To analyze the IAHC at a rostro‐caudal level, a range of 250–1,500 μm of aortic endothelium was sectioned and immunostained with the kit antibody. Section reconstruction from confocal images was performed, and the number of Kit+ cells and IAHC was quantified in individual aortas. IAHCs were classified: 2–5 cells small cluster; 6–10 cells medium cluster; 11–15 cells large cluster; and above 16 cells very large cluster.
Equipment and settings
All immunofluorescence images were produced using a Confocal Leica SP5 or SP8 with the following settings: 1,024 × 1,024 pixel dimension; 400 Hz laser; frame average 3 or 4. photomultipliers PMT or Hyd. Fluorochromes used were as follows: Alexa 488, 546, 594, 647 or CFP, RFP, YFP, GFP excitation for Confetti analyses. A range of 25 μm (standard) to 70 μm (whole mount) thick Z‐stack was analyzed collecting images every 2.5 μm (standard) or 10 μm (whole mount). Images were processed using Imaris 7.0 and 8.0 software, Bitplane. Gaussian smoothing was applied to all channels when needed and equally to all images of the same batch. For time‐lapse videos, a Leica SP5 inverted confocal microscope equipped with CO2 and temperature‐controlled chamber (CO2 = 5%, T = 37°C) was used. Laser scanned the samples every 15–19 min at 700 Hz for a maximal time of 9 h. Movies were processed post‐imaging with ImageJ‐Fiji to correct drifting (ImageJ‐Drift Correction) and recorded in Imaris 8.0 (Bitplane) for further analysis and automatic tracking. Tracking analyses over time were performed using the spot function and central point automatic tracking in Imaris.

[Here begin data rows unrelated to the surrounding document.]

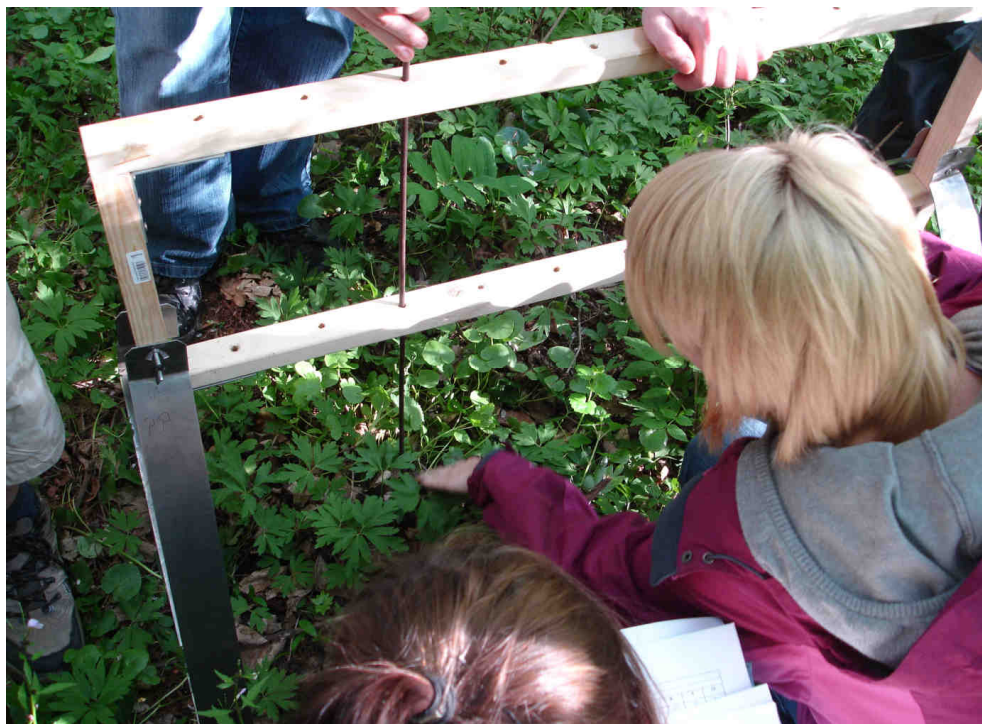
Fig. 1. Student working with Levy bridge - wooden frame with ten holes designed to estimate plant abundance

dissimilarity was treated as the overall beta-diversity. All statistics were computed per pair of methods on the site.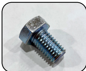
5/8-11 Bolt 1" Long Picture above

Go to your local hardware store (Home Depot..ect) and purchase a 5/8-11 bolt at least an "1 long. Try and screw this into your existing anchor socket, if it screws in you need to order the 5/8-11 size. If it DOES NOT then you need to purchase the 9/16-12 size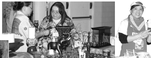
Busy Sponsors & Exhibitors at the Trade Pavilion

Haematopoietic progenitor assay
C57BL/6 J wild‐type embryos at 32–35sp were collected and intracardiacally injected with control IgG or blocking antibody αDll4 as described above. After 5 h of incubation, AGMs were incubated for 20 min at 37°C in 0.12% collagenase (Sigma‐Aldrich). Single‐cell suspension was obtained and seeded in quadruplicates in MethoCult M‐3434 semi‐solid medium (Stem Cell Technologies) at 37°C with 5% CO2. Colony‐forming units were counted after 7 days (n = 3 embryos/group).

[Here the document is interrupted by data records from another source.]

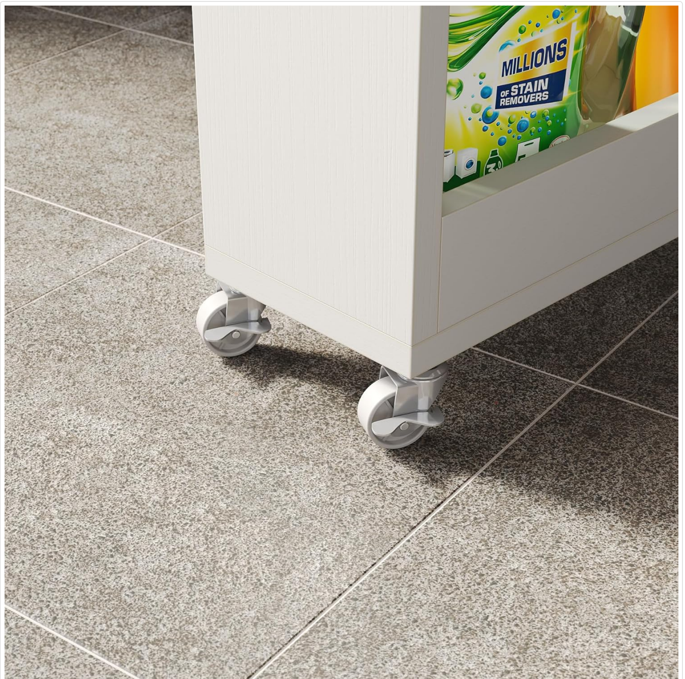
Demonstration of the cart's versatility in a living room setting, storing various household items.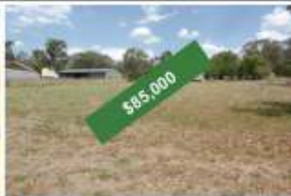
9 Dickson St W'Gama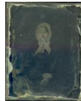
Portrait of Older Woman (William S. Platt's Mother) (81.11.5g)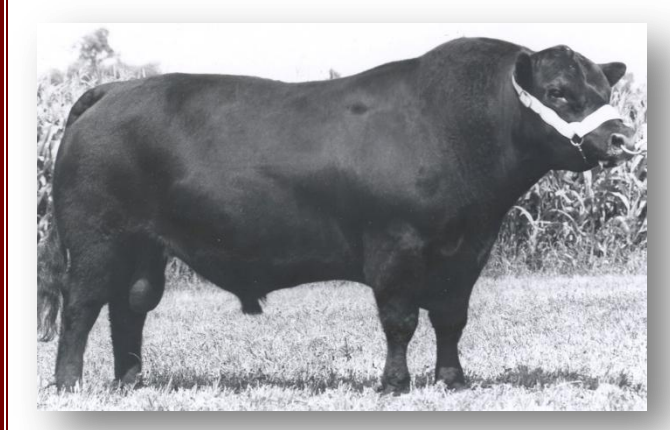
Bardoliermere 54 G M R A stout early 60's ABS catalog sire, recognized for his quality'

GENERATION / SIRE / REG. NO. / BIRTH DATE DAM'S NAME /DAM'S REG. NO. BREEDER / BREEDER'S ADDRESS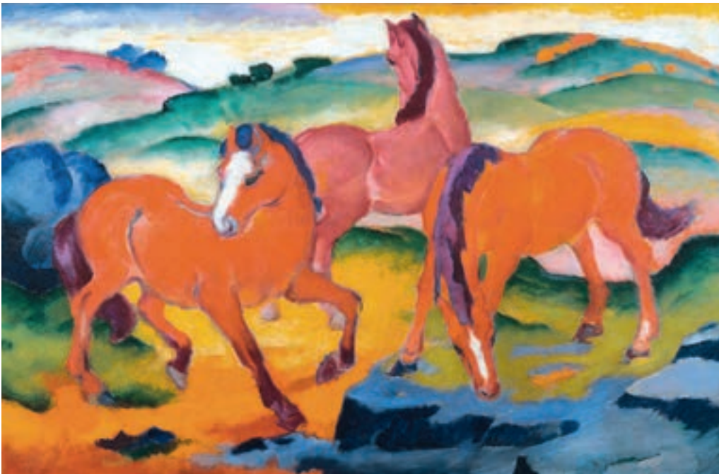
4 Franz Marc, Grazing Horses IV (The Red Horses) 1911, oil on canvas. Harvard Art Museums/ Busch-Reisinger Museum. Bequest in memory of Paul E. and Gabriele B. Geier, 2014.301.

More decisive than this, however, were the artistic impulses that Marc got from Macke. In particular, he admired the latter's ability to translate the sensory impression into a homogeneous entity, generously summarizing planar painting. Marc was thus able to assimilate in an autonomous way the experiences of the more recent French avant-garde around Henri Matisse and Paul Cézanne as well as his own more immediate approach to color. No other artist of German Expressionism wrestled in such a reflective, almost fussy way with employing pure, unmixed colors. Marc's encounter with Macke led to a turning point in his work. Especially in the winter of 1910–11, when Macke had already withdrawn to Bonn, Marc had intense discussions with his young friend concerning the theory of color and described to him in detail the process and the paths that had brought him to the coloration of, for example, his Nudes on Vermilion-Sketch and Grazing Horses IV (The Red Horses) [Cat. no. 15 and Fig. 4] of February 1911. 10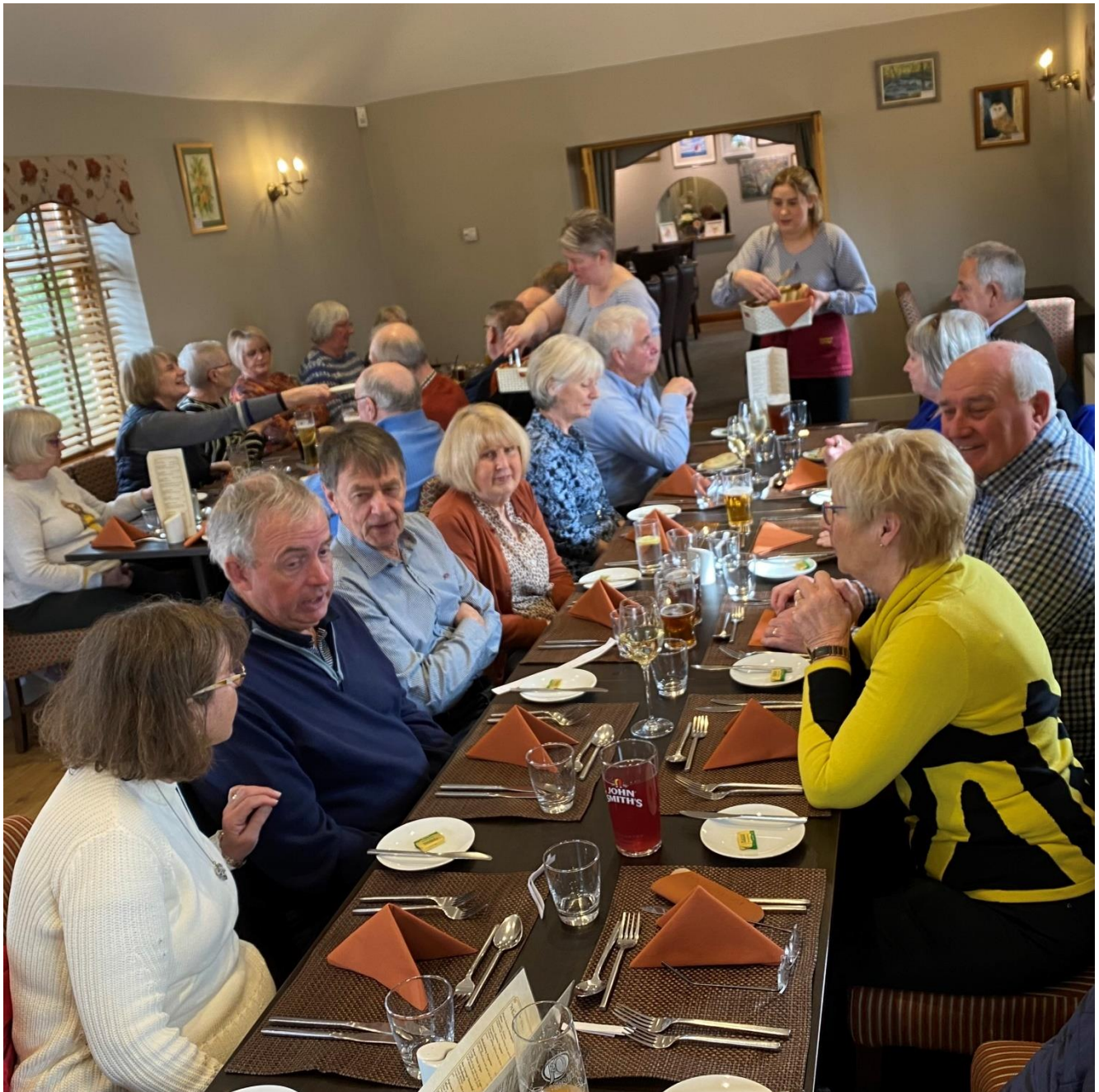
The midweek lunch at the Thatched Cottage, Sutterton last month was well supported

Fluorescence‐activated cell sorter (FACS) analysis and purification
AGMs were harvested and dissociated in single‐cell suspension. Cells were then washed with PBS + 10% FBS before antibody staining. Antibody staining was performed in PBS supplemented with 10% FCS in the dark, at room temperature for 15 min, or carried out on ice for 30 min. CD117 (c‐kit; APC‐Cy7 or APC‐eFluor780), CD31 (APC or FITC), CD45.1 (APC‐Cy7) and CD45.2 (FITC), Dll4 (PerCP5 or APC), Jag1 (PE or FITC), Ter119 (Pe‐Cy7), and Ki67 (APC) antibodies were purchased from BD (Franklin Lakes, NJ, USA). DAPI (4′,6‐diamidino‐2‐phenylindole; D1306, Invitrogen, Waltham, MA, USA) was used for viability. FACS was performed on LSRII (BD), sorting on FACSAria (BD), and data were analyzed with FlowJo v.10 (TreeStar, Inc., Ashland, OR, USA).

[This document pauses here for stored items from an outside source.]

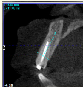
Figure 2: Pre-operative CBCT examination.

After administration of local anesthesia, atraumatic extraction was performed using periostome. Socket curettage was performed, and the extraction socket was examined for the integrity of bony walls. The implant was inserted immediately, and the gap between the implant and the bony walls was filled with xenograft (Figure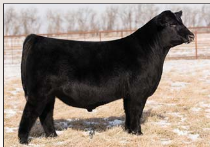
PVF The Natural 7042, maternal brother to the dam of Lot 2.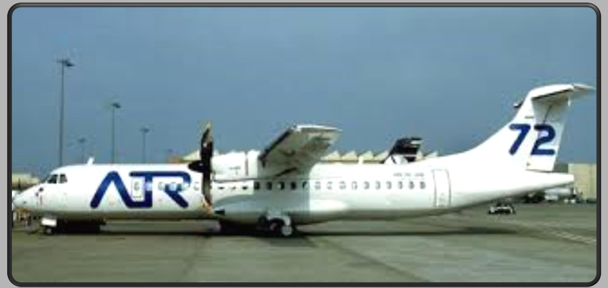
This is the same type of aircraft that was involved in the crash.

The image on the right depicts icing on the wings of a plane – the 0-20 degree C is what would have occurred on this particular flight.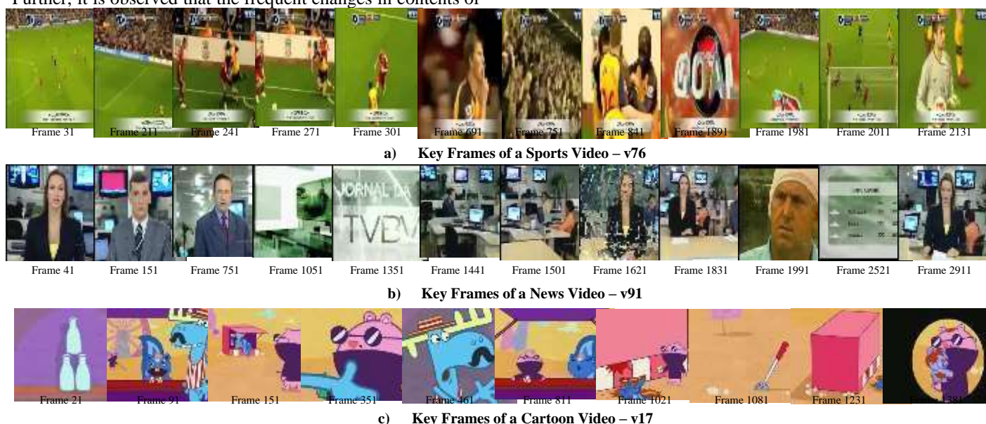
Figure 2. Extracted Key Frames for the Web Dataset

news, commercial, and tv-shows videos with the accuracy of 92%, 94%, and 93% respectively. The performance measure of this technique outweighs other techniques against news and tv-shows videos even in the presence of redundant events. Further, it is observed that the frequent changes in contents of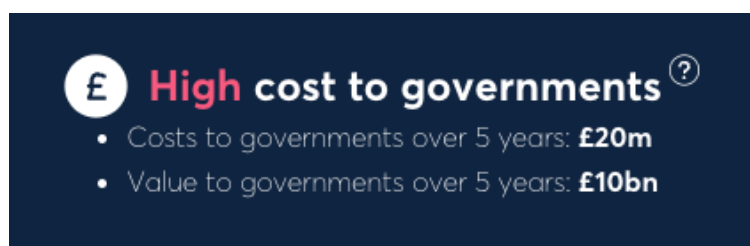
Figure 2. Screenshot of policy cost represented in the toolkit

To calculate this score we commissioned the cost-modelling consultancy HealthLumen to conduct literature reviews to establish the cost to implement each policy. The final score out of five is based on where the policy ranked in terms of cost. The most expensive policies were allocated a score of 'very high', and the least costly a score of 'very low' (and so on). You can find more information about the data sources used to estimate the costs in HealthLumen's report, on the Methods page of the Blueprint for Halving Obesity toolkit.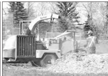
BMF Special Project in conjunction with Town hired wood chipper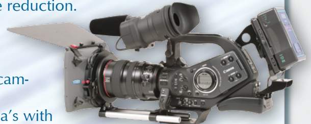
MB-250 on rail support Kit # WS-CS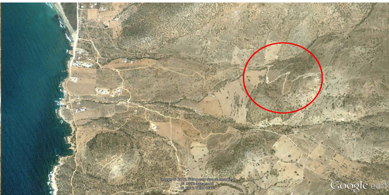
Location of property:

Agiasos area, 1200m from the beach on the sides of a hill at an elevation of 150 – 200 providing excellent and open view to the Aegean sea.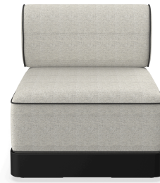
Brisa Basic Noche Salina 05 Cushion + Dolce 55 06796

AGM explants and transplantation experiments
Charles River C57BL/6 (CD45.2) WT embryos of 32–34sp were treated as described above injecting intracardiacally αDll4 or anti‐IgG. AGM was then dissected and cultured as explant as previously described (Medvinsky & Dzierzak, 1996). In brief, AGMs were deposited on nylon filters (Millipore) placed on metallic supports and cultured in myeloid long‐term culture medium (Stem Cell Technologies) supplemented with 10 μM hydrocortisone (Sigma‐Aldrich). After 24 h, the explanted AGMs were digested in 0.1% collagenase (Sigma‐Aldrich) in PBS supplemented with 10% FBS for 20 min at 37°C and used for cell transplantation. Donor cells (CD45.2) were transplanted together with 200,000 BM support cells (CD45.1) into lethally irradiated (8 Gy) recipients (CD45.1). Peripheral blood (PB) donor chimerism was analyzed by FACS at 4, 10–12, and 16 weeks. Lineage analysis on BM‐derived cells was performed at 16 weeks post‐transplant by flow cytometry with specific antibodies: CD3, B220, Ter119, Mac1, and Gr1 (mouse lineage panel; BD).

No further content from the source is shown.